**DATA SHOWN**.
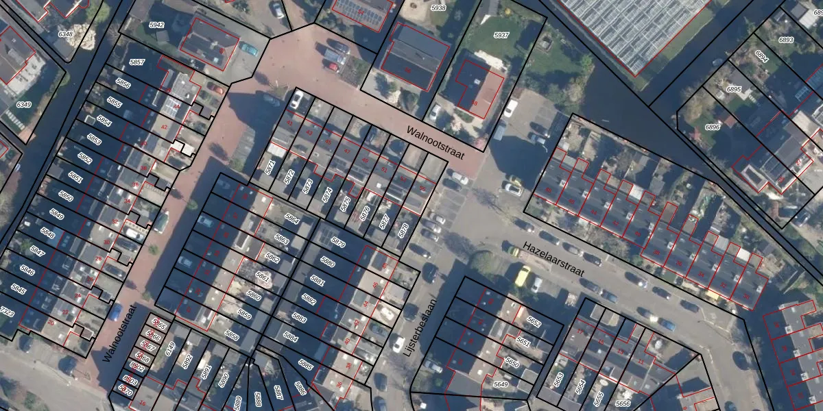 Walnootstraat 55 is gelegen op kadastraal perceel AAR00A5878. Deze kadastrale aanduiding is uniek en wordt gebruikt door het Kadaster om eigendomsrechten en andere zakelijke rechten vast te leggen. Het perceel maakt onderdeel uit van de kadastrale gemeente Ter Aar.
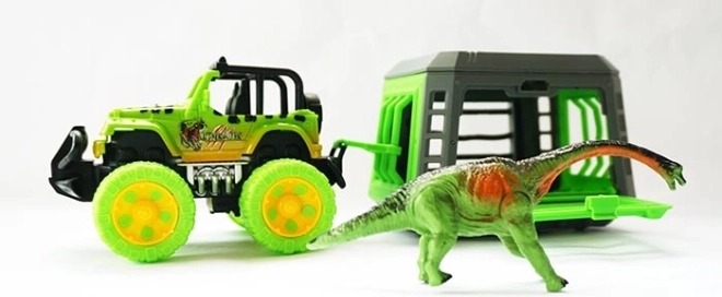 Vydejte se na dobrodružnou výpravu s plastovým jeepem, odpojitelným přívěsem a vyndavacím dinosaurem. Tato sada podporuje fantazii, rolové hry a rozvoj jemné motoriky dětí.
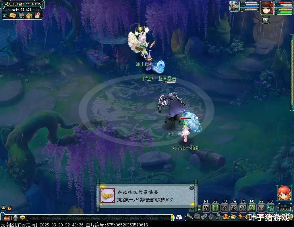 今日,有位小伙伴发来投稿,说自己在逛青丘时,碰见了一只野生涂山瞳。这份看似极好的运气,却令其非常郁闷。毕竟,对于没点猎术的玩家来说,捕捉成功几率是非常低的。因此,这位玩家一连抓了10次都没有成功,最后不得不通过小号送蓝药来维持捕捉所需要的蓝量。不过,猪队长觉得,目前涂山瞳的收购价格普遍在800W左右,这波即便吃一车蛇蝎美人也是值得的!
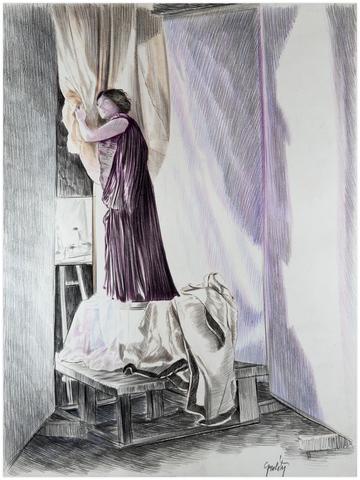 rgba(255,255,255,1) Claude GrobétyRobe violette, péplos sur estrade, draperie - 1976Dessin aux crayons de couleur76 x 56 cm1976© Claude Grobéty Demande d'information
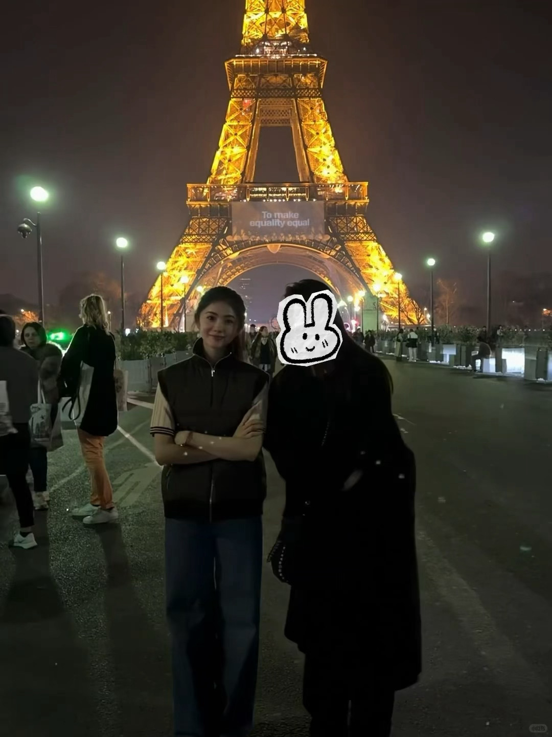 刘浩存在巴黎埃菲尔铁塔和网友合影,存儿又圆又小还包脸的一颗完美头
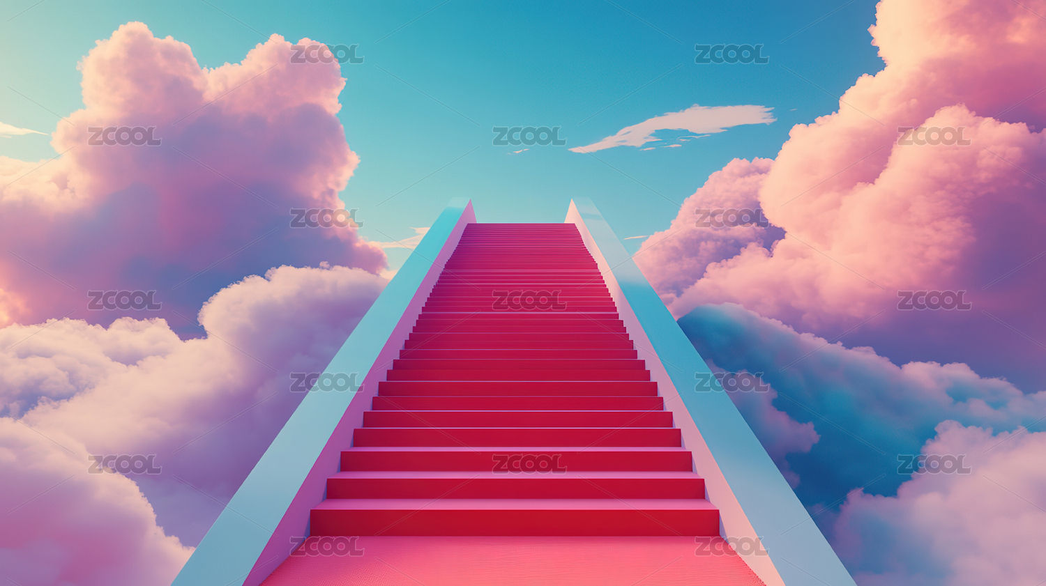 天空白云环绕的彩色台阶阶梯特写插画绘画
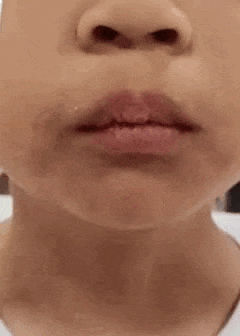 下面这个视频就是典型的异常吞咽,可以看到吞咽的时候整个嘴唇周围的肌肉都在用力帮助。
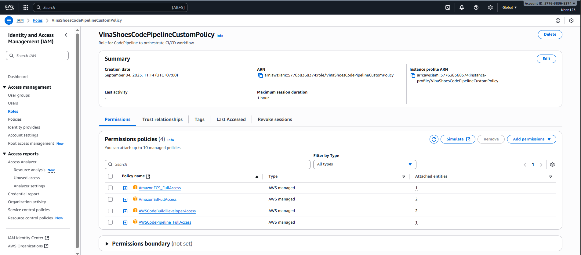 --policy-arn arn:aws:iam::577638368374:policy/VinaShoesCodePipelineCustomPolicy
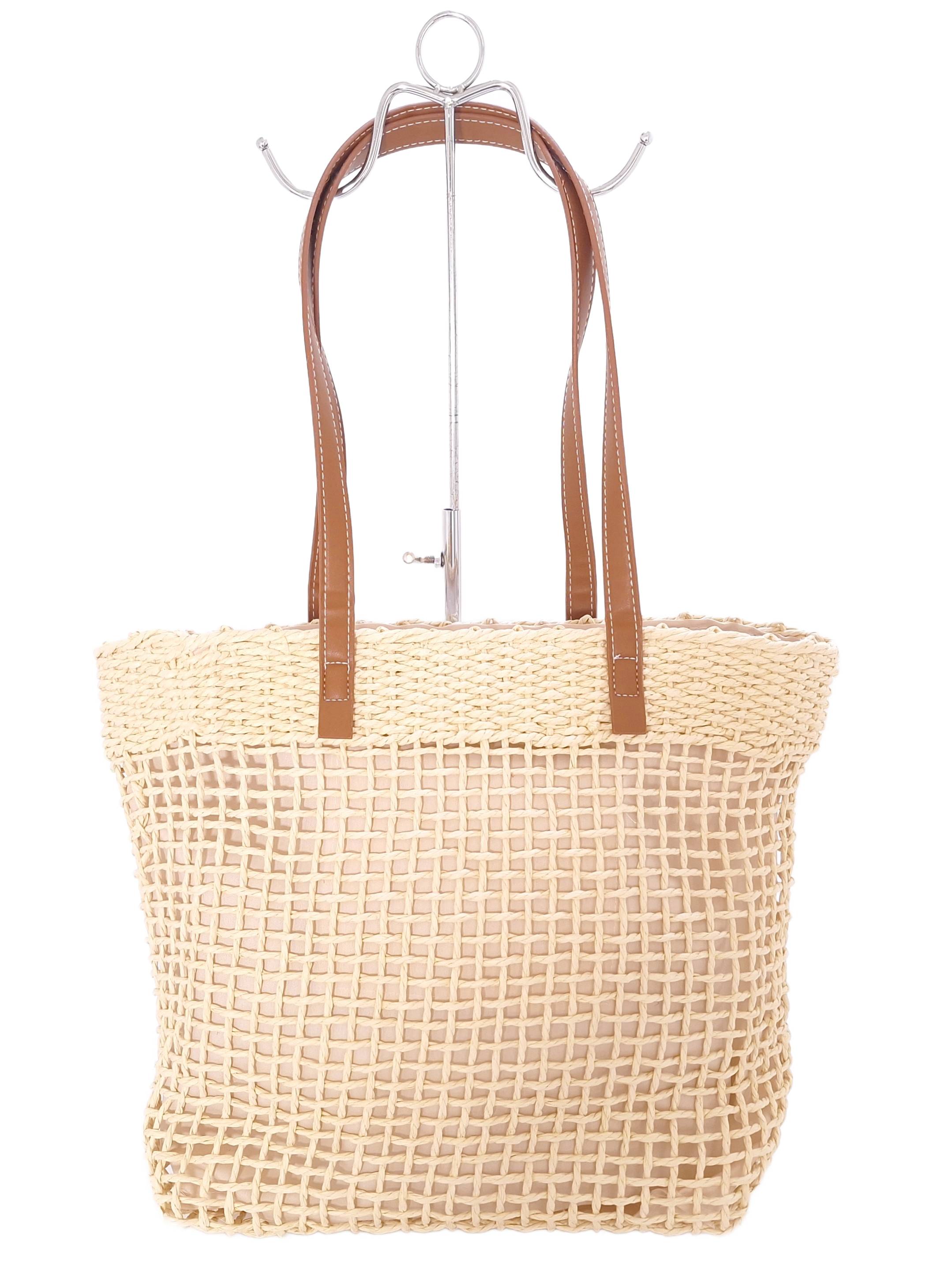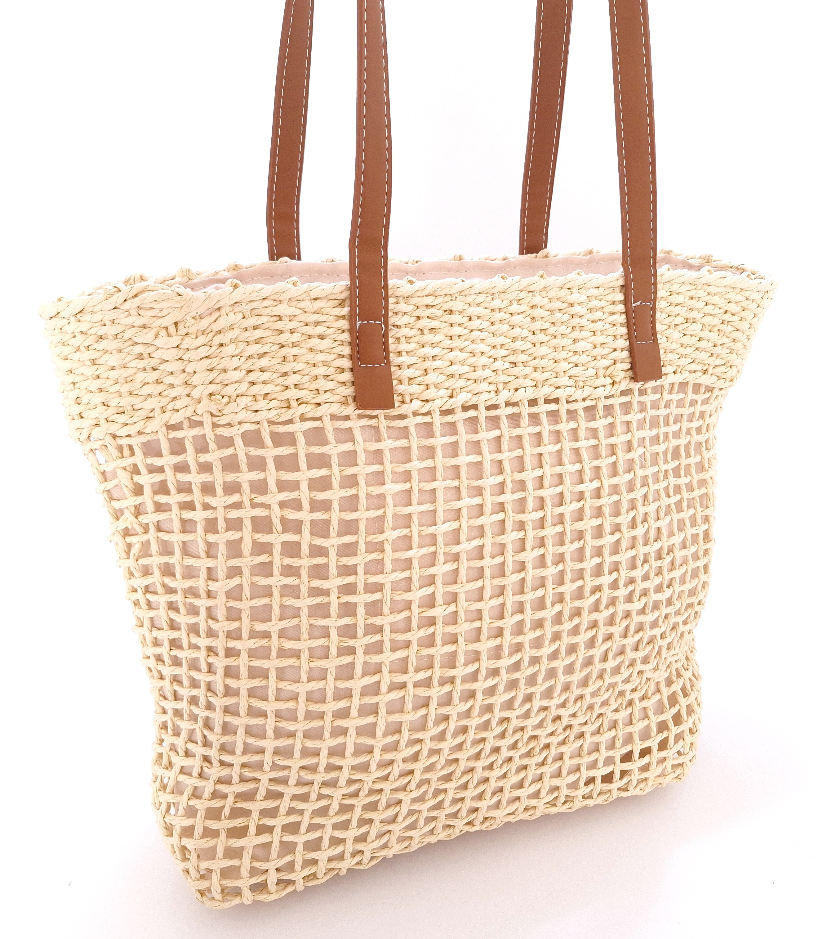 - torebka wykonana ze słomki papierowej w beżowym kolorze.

**EXERCISE GOAL**. Restate the full listing word for word, excluding images.

**ANSWER SPACE**.
 Walnootstraat 55 is gelegen op kadastraal perceel AAR00A5878. Deze kadastrale aanduiding is uniek en wordt gebruikt door het Kadaster om eigendomsrechten en andere zakelijke rechten vast te leggen. Het perceel maakt onderdeel uit van de kadastrale gemeente Ter Aar.
 Vydejte se na dobrodružnou výpravu s plastovým jeepem, odpojitelným přívěsem a vyndavacím dinosaurem. Tato sada podporuje fantazii, rolové hry a rozvoj jemné motoriky dětí.
 今日,有位小伙伴发来投稿,说自己在逛青丘时,碰见了一只野生涂山瞳。这份看似极好的运气,却令其非常郁闷。毕竟,对于没点猎术的玩家来说,捕捉成功几率是非常低的。因此,这位玩家一连抓了10次都没有成功,最后不得不通过小号送蓝药来维持捕捉所需要的蓝量。不过,猪队长觉得,目前涂山瞳的收购价格普遍在800W左右,这波即便吃一车蛇蝎美人也是值得的!
 rgba(255,255,255,1) Claude GrobétyRobe violette, péplos sur estrade, draperie - 1976Dessin aux crayons de couleur76 x 56 cm1976© Claude Grobéty Demande d'information
 刘浩存在巴黎埃菲尔铁塔和网友合影,存儿又圆又小还包脸的一颗完美头
 天空白云环绕的彩色台阶阶梯特写插画绘画
 下面这个视频就是典型的异常吞咽,可以看到吞咽的时候整个嘴唇周围的肌肉都在用力帮助。
 --policy-arn arn:aws:iam::577638368374:policy/VinaShoesCodePipelineCustomPolicy
 - torebka wykonana ze słomki papierowej w beżowym kolorze.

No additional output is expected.